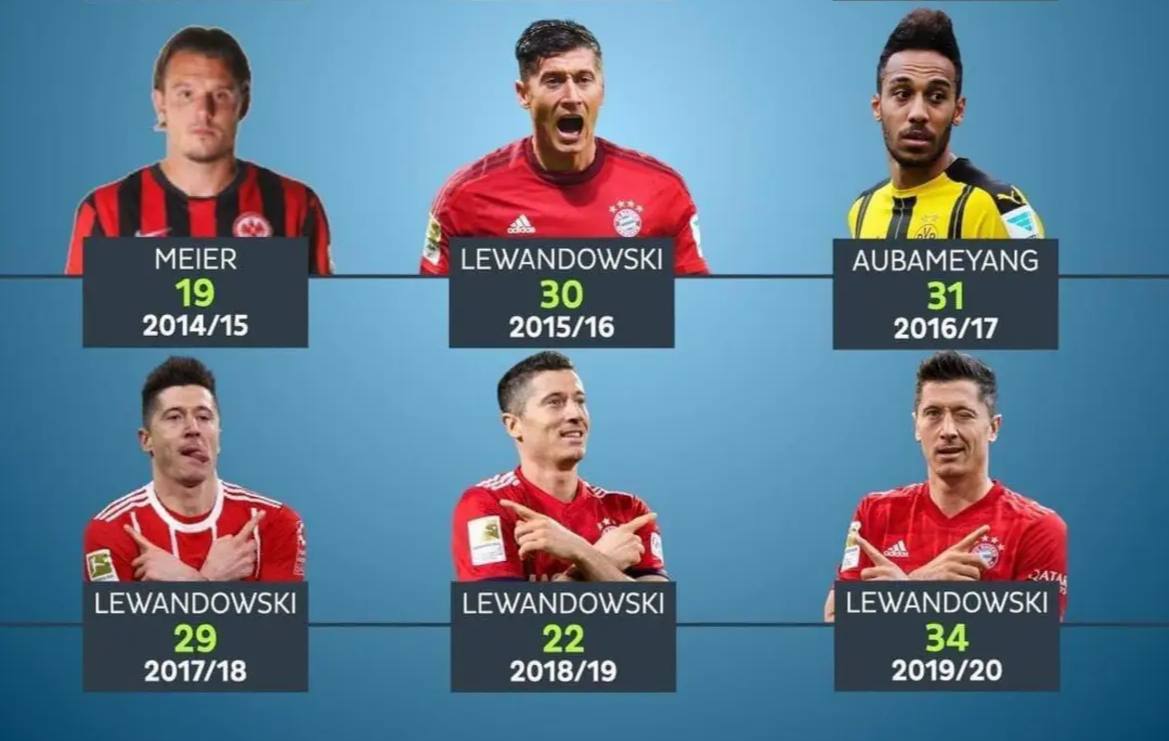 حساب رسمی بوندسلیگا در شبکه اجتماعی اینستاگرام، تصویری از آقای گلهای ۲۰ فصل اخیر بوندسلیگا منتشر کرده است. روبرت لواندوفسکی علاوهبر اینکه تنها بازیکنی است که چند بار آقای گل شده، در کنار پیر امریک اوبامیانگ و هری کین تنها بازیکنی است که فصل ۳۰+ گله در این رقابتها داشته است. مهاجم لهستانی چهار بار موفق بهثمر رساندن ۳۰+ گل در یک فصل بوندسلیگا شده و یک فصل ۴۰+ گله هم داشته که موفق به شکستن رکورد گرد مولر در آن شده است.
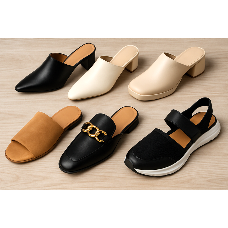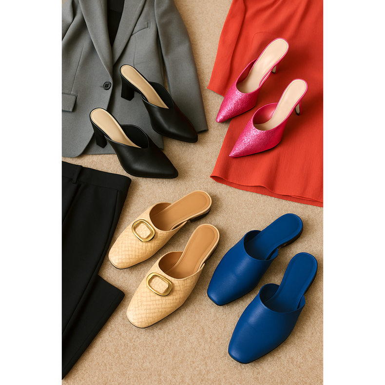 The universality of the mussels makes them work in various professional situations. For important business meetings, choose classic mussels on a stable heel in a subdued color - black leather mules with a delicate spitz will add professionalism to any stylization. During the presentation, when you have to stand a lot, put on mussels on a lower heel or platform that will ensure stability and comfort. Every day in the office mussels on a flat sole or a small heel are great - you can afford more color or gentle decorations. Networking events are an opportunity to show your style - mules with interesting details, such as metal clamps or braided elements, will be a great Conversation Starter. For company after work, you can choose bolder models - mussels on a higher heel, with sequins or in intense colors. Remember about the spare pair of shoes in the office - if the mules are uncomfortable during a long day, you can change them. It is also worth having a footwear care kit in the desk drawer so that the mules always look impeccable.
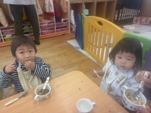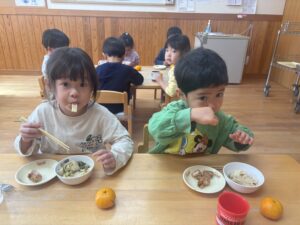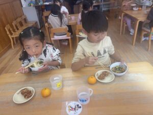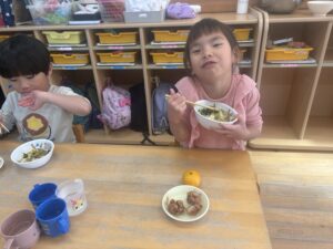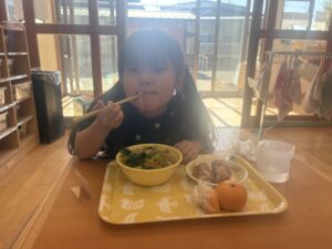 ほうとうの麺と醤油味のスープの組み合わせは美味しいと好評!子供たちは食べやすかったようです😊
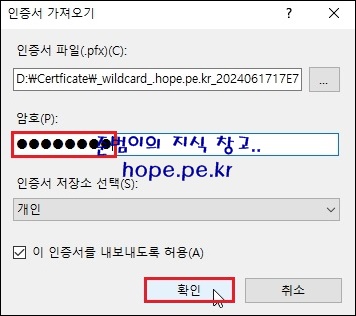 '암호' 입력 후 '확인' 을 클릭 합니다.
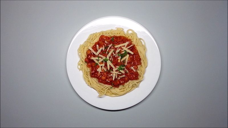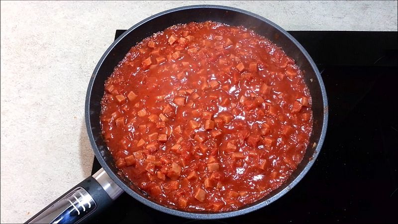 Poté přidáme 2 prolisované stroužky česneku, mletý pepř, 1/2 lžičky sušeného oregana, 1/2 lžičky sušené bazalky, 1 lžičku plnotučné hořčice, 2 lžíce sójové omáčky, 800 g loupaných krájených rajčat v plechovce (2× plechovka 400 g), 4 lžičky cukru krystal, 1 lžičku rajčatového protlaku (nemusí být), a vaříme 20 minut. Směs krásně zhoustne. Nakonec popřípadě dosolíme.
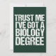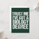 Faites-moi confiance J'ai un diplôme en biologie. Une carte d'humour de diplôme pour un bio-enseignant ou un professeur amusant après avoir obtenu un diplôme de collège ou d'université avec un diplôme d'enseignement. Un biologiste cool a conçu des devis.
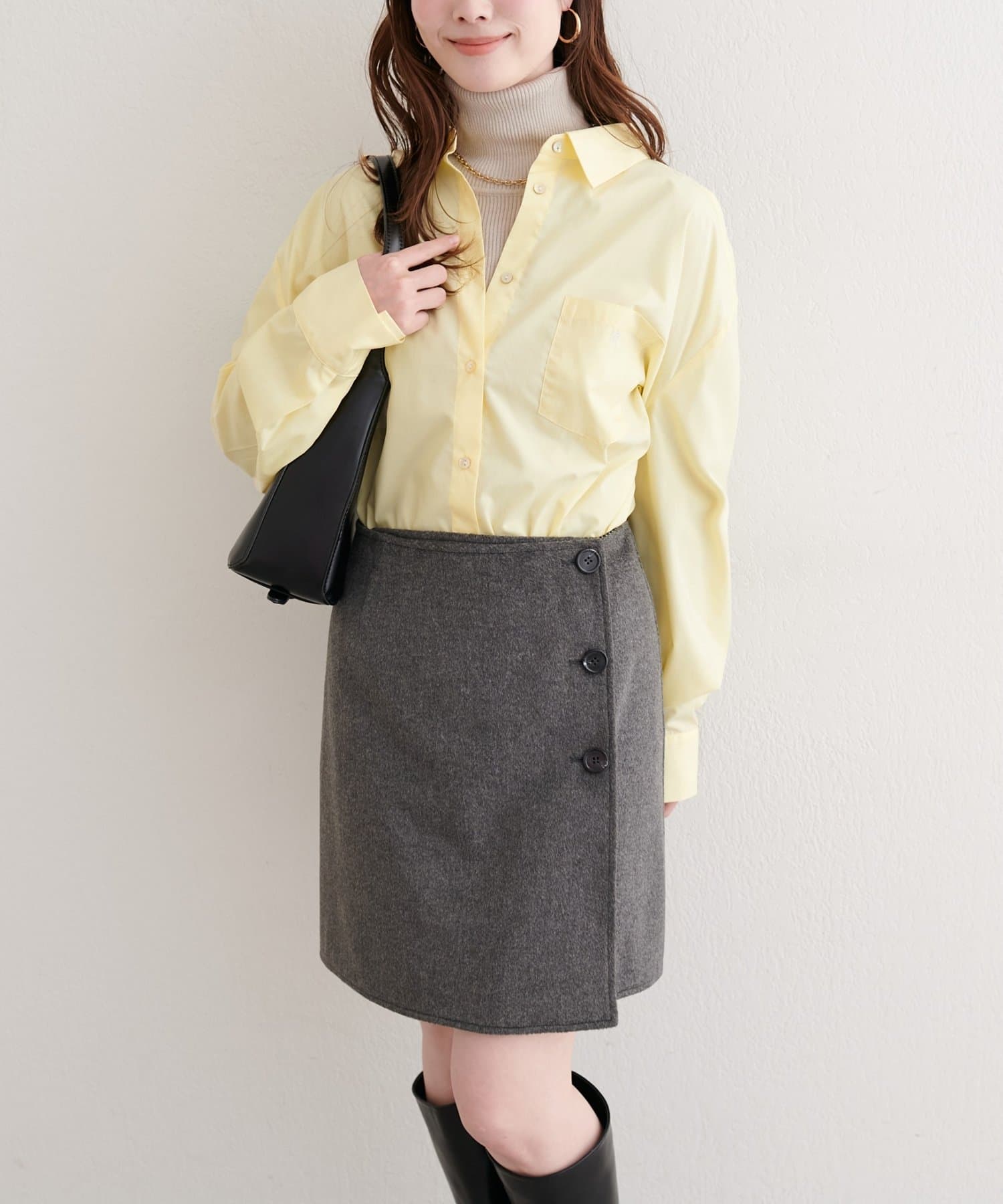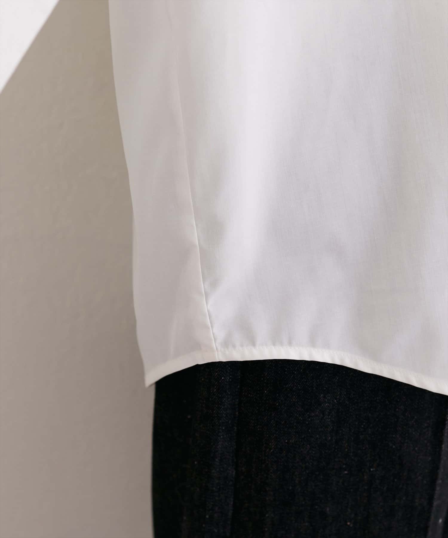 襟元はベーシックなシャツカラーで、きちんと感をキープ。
--
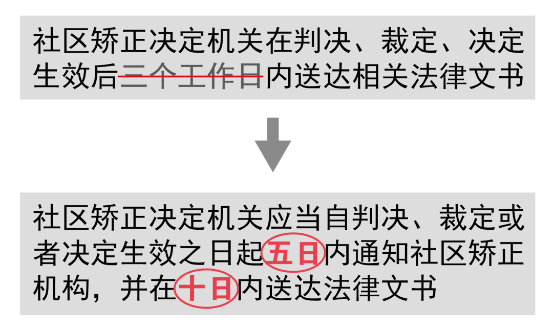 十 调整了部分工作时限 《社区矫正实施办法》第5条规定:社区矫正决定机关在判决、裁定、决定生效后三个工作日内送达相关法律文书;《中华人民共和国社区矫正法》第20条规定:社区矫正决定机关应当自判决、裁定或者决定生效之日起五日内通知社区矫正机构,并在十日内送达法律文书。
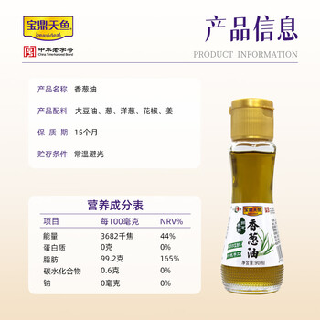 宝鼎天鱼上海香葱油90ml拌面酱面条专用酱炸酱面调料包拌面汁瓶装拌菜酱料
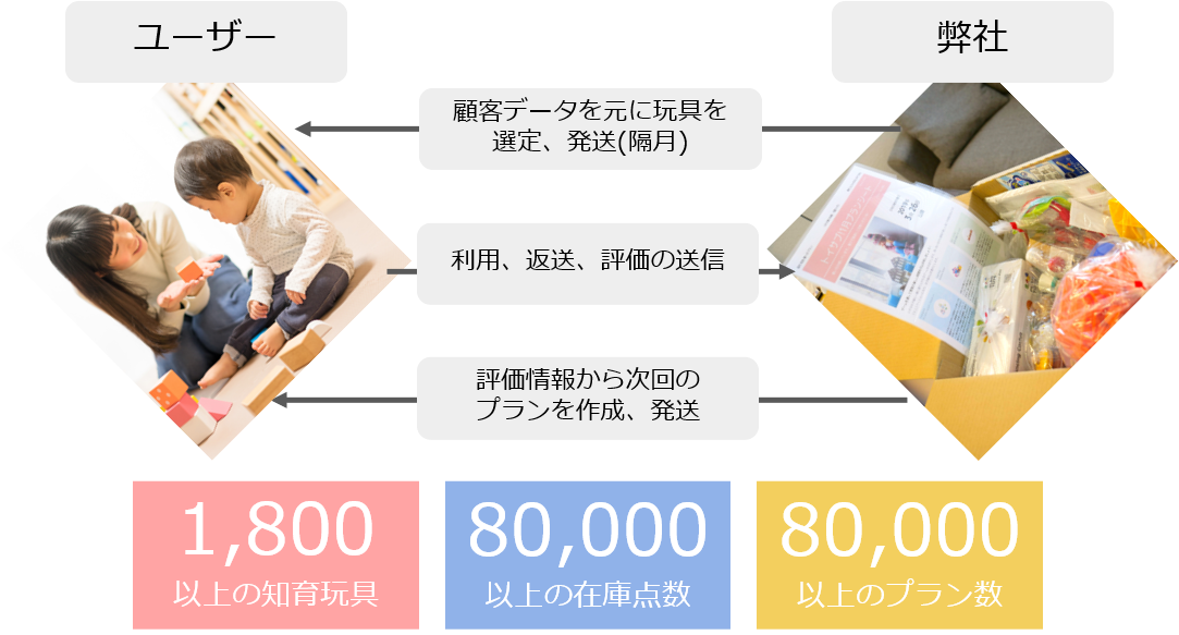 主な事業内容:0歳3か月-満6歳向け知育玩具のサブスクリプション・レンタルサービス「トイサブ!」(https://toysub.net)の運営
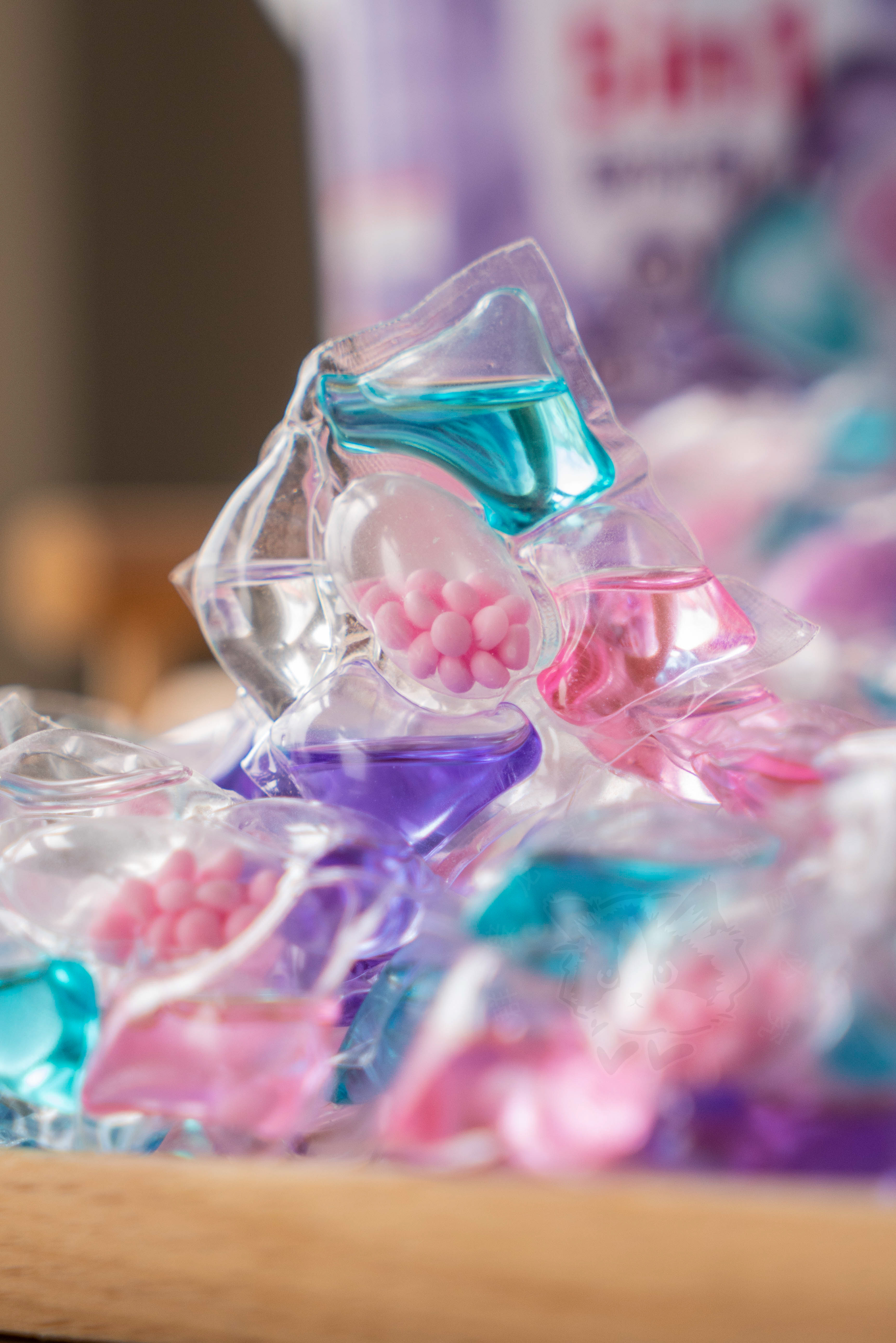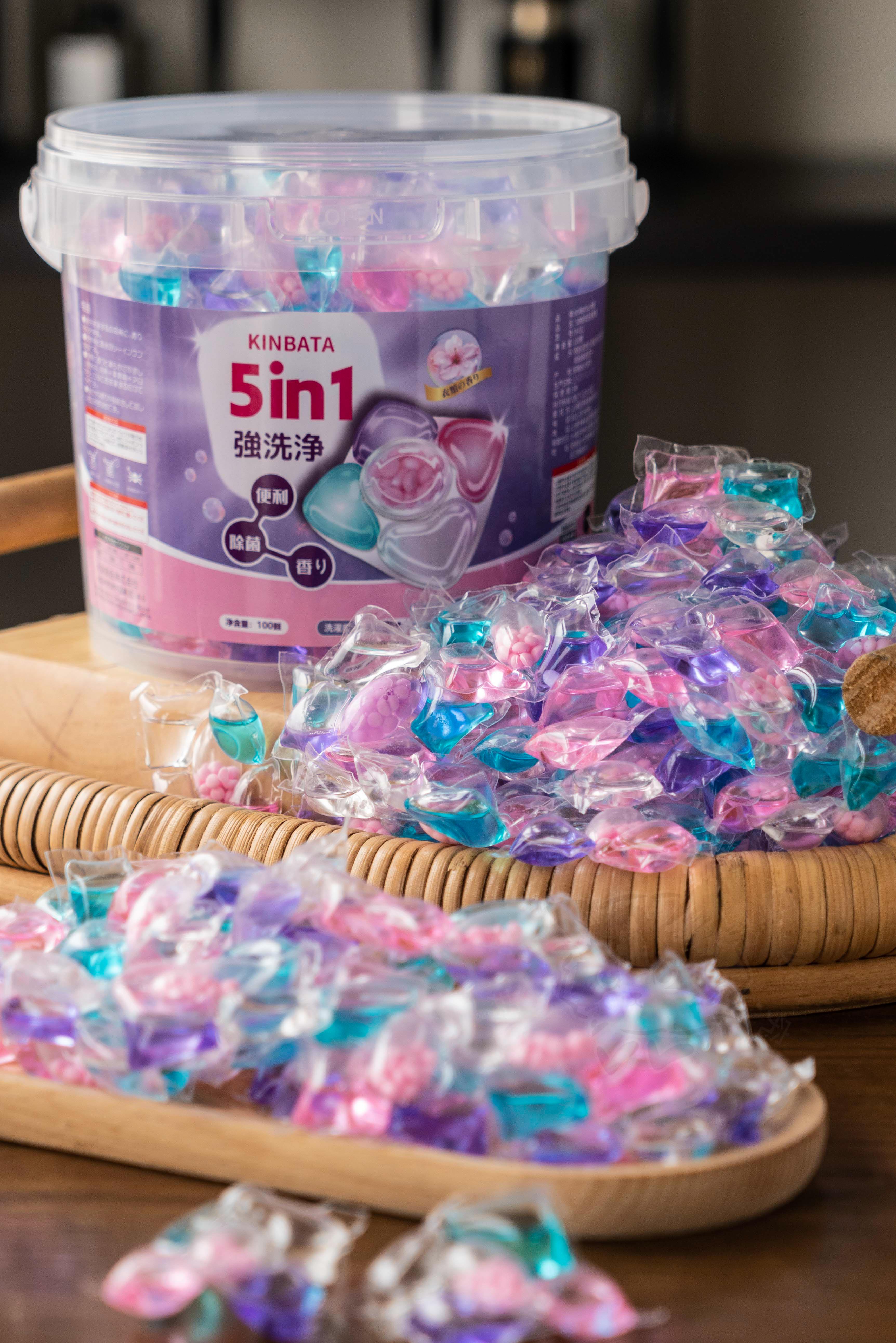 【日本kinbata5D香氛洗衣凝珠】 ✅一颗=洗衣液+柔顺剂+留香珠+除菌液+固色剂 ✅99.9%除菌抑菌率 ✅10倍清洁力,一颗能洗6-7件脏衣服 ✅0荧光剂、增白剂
* * *
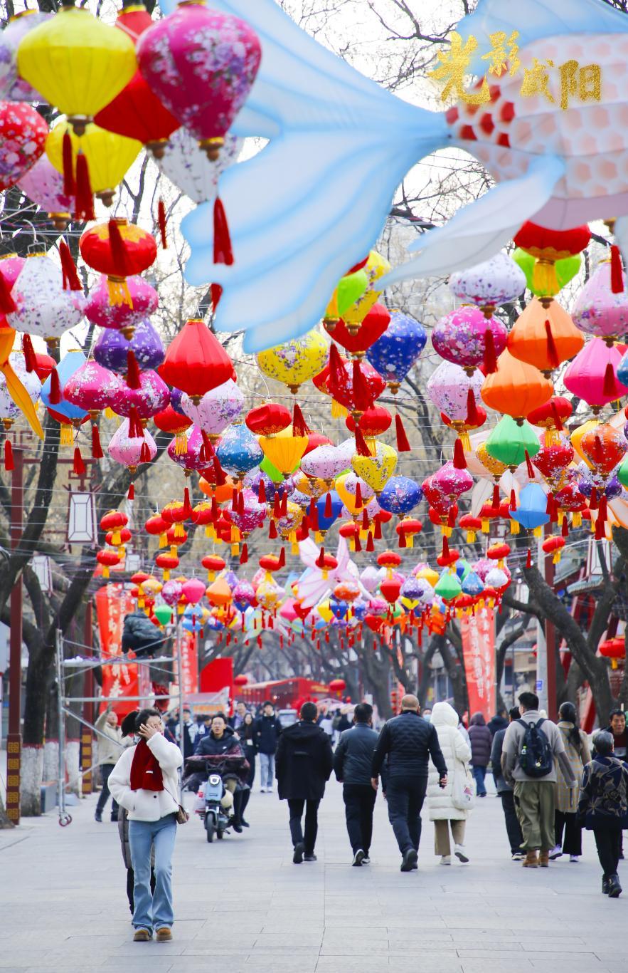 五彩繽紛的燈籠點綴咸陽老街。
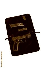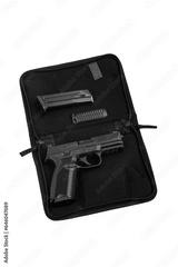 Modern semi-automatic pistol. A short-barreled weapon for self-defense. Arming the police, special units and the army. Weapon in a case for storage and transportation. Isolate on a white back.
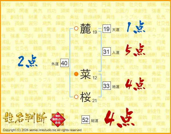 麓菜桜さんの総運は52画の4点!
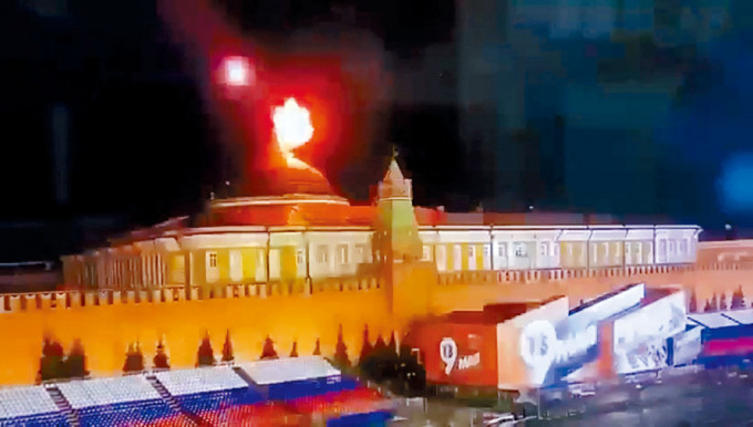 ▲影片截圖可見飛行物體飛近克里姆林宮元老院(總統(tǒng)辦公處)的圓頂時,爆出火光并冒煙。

> **PROBLEM TO SOLVE**
Beginning with the line holding "Faites-moi confiance J'ai" in the material above, restate word for word each line through the line holding "襟元はベーシックなシャツカラーで、きちんと感をキープ。", and exclude pictures.

> **EXERCISE SOLUTION**
 Faites-moi confiance J'ai un diplôme en biologie. Une carte d'humour de diplôme pour un bio-enseignant ou un professeur amusant après avoir obtenu un diplôme de collège ou d'université avec un diplôme d'enseignement. Un biologiste cool a conçu des devis.
 襟元はベーシックなシャツカラーで、きちんと感をキープ。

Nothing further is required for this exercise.